Task #3362
closedMigrate Mentat system to new hardware
100%
Description
Overall migration status (periodically updated)¶
- (DONE) Install new base server
- New server mentat-alt.cesnet.cz is ready and installed using Ansible
- (DONE) Install Mentat system and Warden client on the server
- Development version of Mentat system is installed on the server using Debian package system
- Warden client is installed on the server and connected to production instance of Warden server
- (IN PROGRESS) Perform data and service migration to new server
- Prepare database migration scripts
- Prepare filesystem migration scripts
- Prepare utility migration scripts
- Migrate the Mentat service
- Verify functionality
General guidelines for migration process¶
- Day before migration lower the TTL of relevant DNS records for mentat-hub.cesnet.cz and mentat-alt.cesnet.cz servers
- Presynchronize filesystem data (rsync), so that the actual migration will be much quicker later.
- report attachments
- RRD databases and chart images
- cache files
- persistent state files
- runlog files? (maybe not necessary)
- log files? (maybe not necessary)
- Shut down Warden client on mentat-hub.cesnet.cz and mentat-alt.cesnet.cz servers and let Mentat empty all queues.

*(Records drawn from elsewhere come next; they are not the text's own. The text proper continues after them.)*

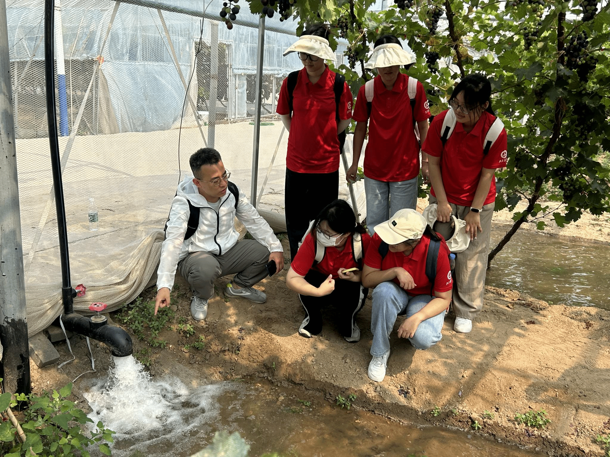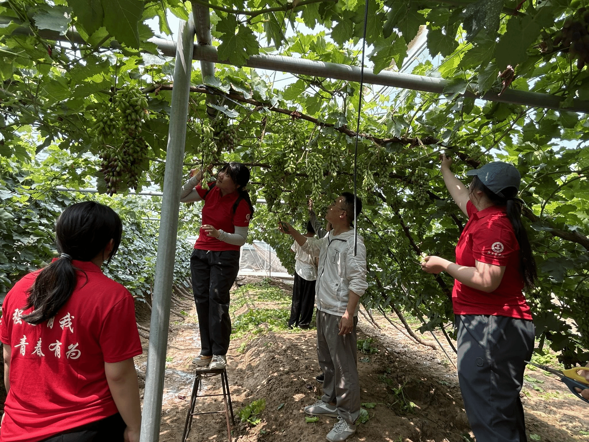 根据葡萄园生产现状,实践团一行对当地葡萄园区的灌水控制、肥料施用、叶幕管理、修剪技术等进行了分类指导;对防鸟网、棚膜等基础设施的使用现状进行了评估,并提出了更新建议;对现阶段发生较为普遍的气灼现象进行了原因分析,并给出了解决方案。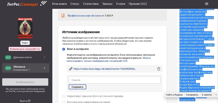 Пожалуйста, подтвердите ваше право на использование этой иллюстрации/обложки: — укажите такую ссылку на источник, которая подтвердит лицензию распространения (это могут быть платные или бесплатные фотостоки, по лицензии Creative Commons СС0). — если вы заказали иллюстрацию или договорились с художником/фотографом, загрузите надежный документ с разрешением на публикацию изображения (подойдут скриншоты переписки с согласием художника и указанием названия произведения, чеки оплаты, письменное подтверждение автора иллюстрации). — если вы сами создали эту иллюстрацию, укажите себя в качестве художника в карточке книги. Обратите внимание: вы можете воспользоваться стоковыми платными и/или бесплатными иллюстрациями. Помните, что профессиональные агрегаторы портфолио типа behance.net, а также социальные сети, Pinterest.com, Google.Картинки, Яндекс.Картинки не являются стоком. Всегда проверяйте лицензию изображения. В Вашей ссылке ничего о лицензии нет.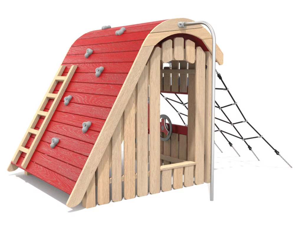 Fabriquée en bois de robinier, une essence naturellement durable et résistante aux intempéries et aux insectes, cette maisonnette ne nécessite aucun traitement chimique. Ses tons bois et rouges vifs attirent l’attention et s’intègrent harmonieusement dans les espaces verts, créant un point central ludique dans les parcs, jardins publics et aires de jeux. La structure fermée offre un espace sûr et intime, idéal pour les jeux de rôle et la socialisation.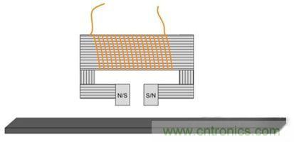 在实用化系统中需要用到一个写入磁头,它其实就是绕在磁心上的一个线圈。通过控制线圈中的电流方向可以很容易编程磁场方向。这有助于在磁卡上形成南北极图案。磁极之间的空隙越窄,磁卡上能够编程的数据密度就越高。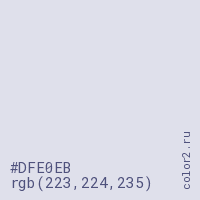 Цвет #DFE0EB в цветовой модели RGB обозначается тремя октетами (223, 224, 235) в десятичном формате и #DFE0EB в шестнадцатиричном (hex) формате, которые являются интенсивностью красного 223 (hex DF), интенсивность зелёного 224 (hex E0) и интенсивность синего 235 (hex EB).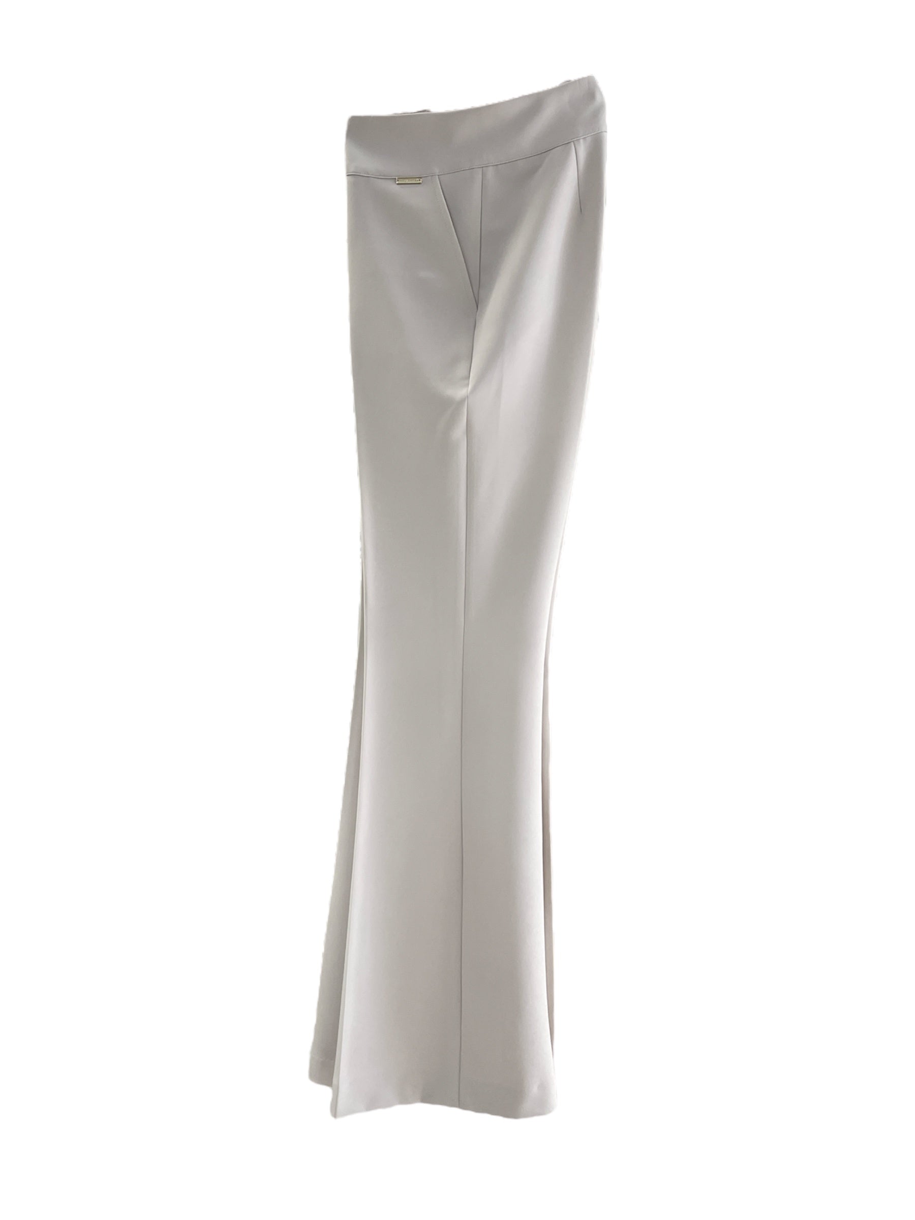 Basic trousers in stretch technical fabric. Consistent fabric. High waist with double button and zip, side pockets. Narrow leg and flared bottom, regular fit. Fabric composition 88% polyester 12% elastane.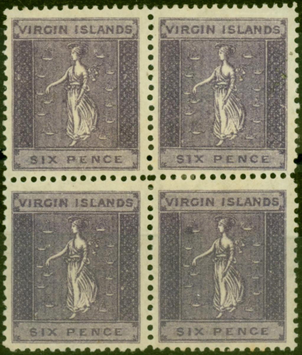 Virgin Islands 1888 4d on 1s Black & Rose-Carmine SG42 Fine MM Block of 4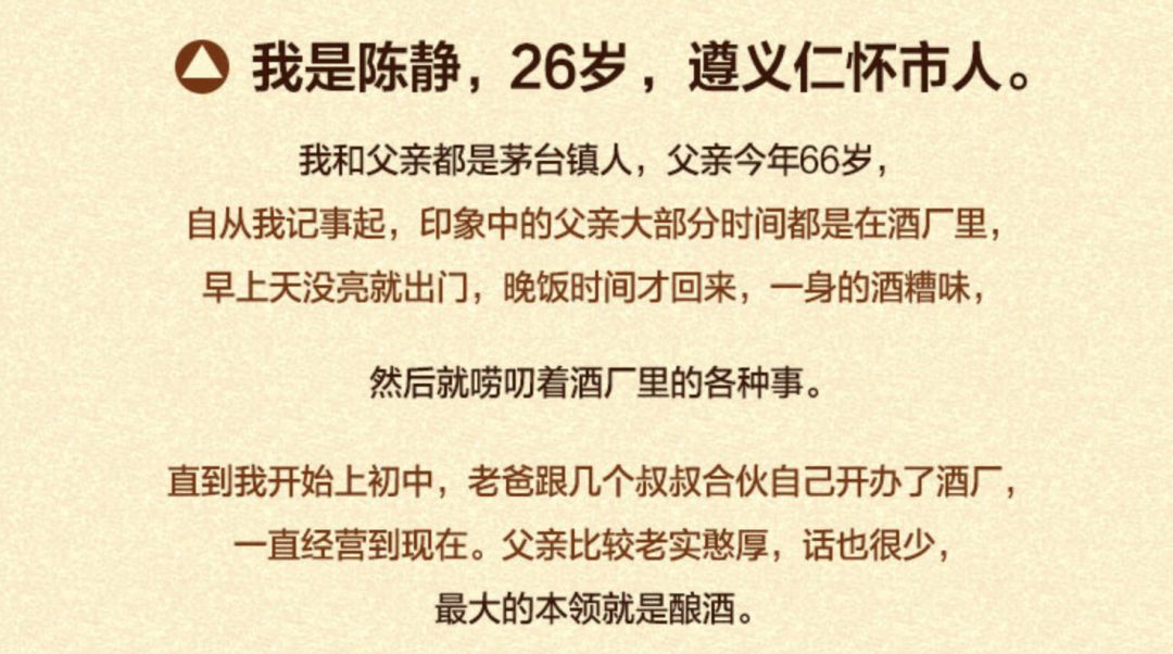我是陈静,26岁,遵义市人,我和父亲都是茅台镇人,父亲今年66岁,直到我上初中开始,老爸和几个叔叔合伙开办了酒厂。。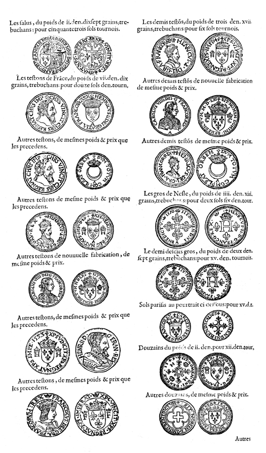 Description: A collection of French coins, most of which bear the names of sixteenth-century French kings: Francis I (r. 1515-1547), Henry II (r. 1547-1559), and Charles IX (r. 1560-1574). The only exception is the gold salute (the uppermost coin on the left side); it was issued by English kings Henry V (r. 1413-22) and Henry VI (r. 1422-61, 70-71) during the Hundred Years' War. The salute features Mary behind the shield of France, and the angel of the Annunciation standing behind the shield of Henry V, reading from an open scroll.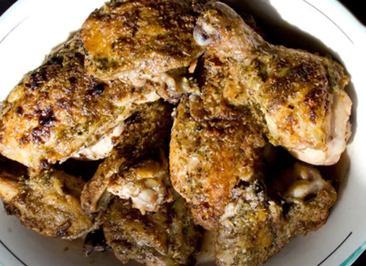 第四步:从烤箱取出热锅,立刻倒进红酒醋,这时候会 “滋啦” 一声冒热气,快速用勺子把醋汁淋在鸡肉上,1 分钟后汤汁收得稍微粘稠就关火。端上桌时鸡皮带着焦香,咬开后肉汁里裹着芝士的咸香和醋的微酸,连骨头缝都想嗦干净!

- Shut down Mentat systems on mentat-hub.cesnet.cz and mentat-alt.cesnet.cz servers
- Perform database migration
- users
- groups
- filters
- networks
- reports
- event statistics
- Perform filesystem migration - same data as above
- Perform configuration migration
- synchronize content of
/etc/mentat
configuration directory
- synchronize content of
- Switch warden client certificates between mentat-hub.cesnet.cz and mentat-alt.cesnet.cz servers
- Switch shibd configuration between mentat-hub.cesnet.cz and mentat-alt.cesnet.cz servers
- Switch hostnames and IP addresses between mentat-hub.cesnet.cz and mentat-alt.cesnet.cz servers
- Reboot both servers and pray to your favorite god, or as an atheist sit quietly with your hands in your lap
- Login to new mentat-hub.cesnet.cz and launch everything
- Launch Mentat backend services (daemons and scripts)
- Launch Warden client and verify messages are being stored into database
- Verify that the web interface is accessible
- Synchronize crontab for root
Event migration might not be necessary. If the Mentat will be running on new server for some time and without any downtimes, we could skip slow migration of events from MongoDB to PostgreSQL.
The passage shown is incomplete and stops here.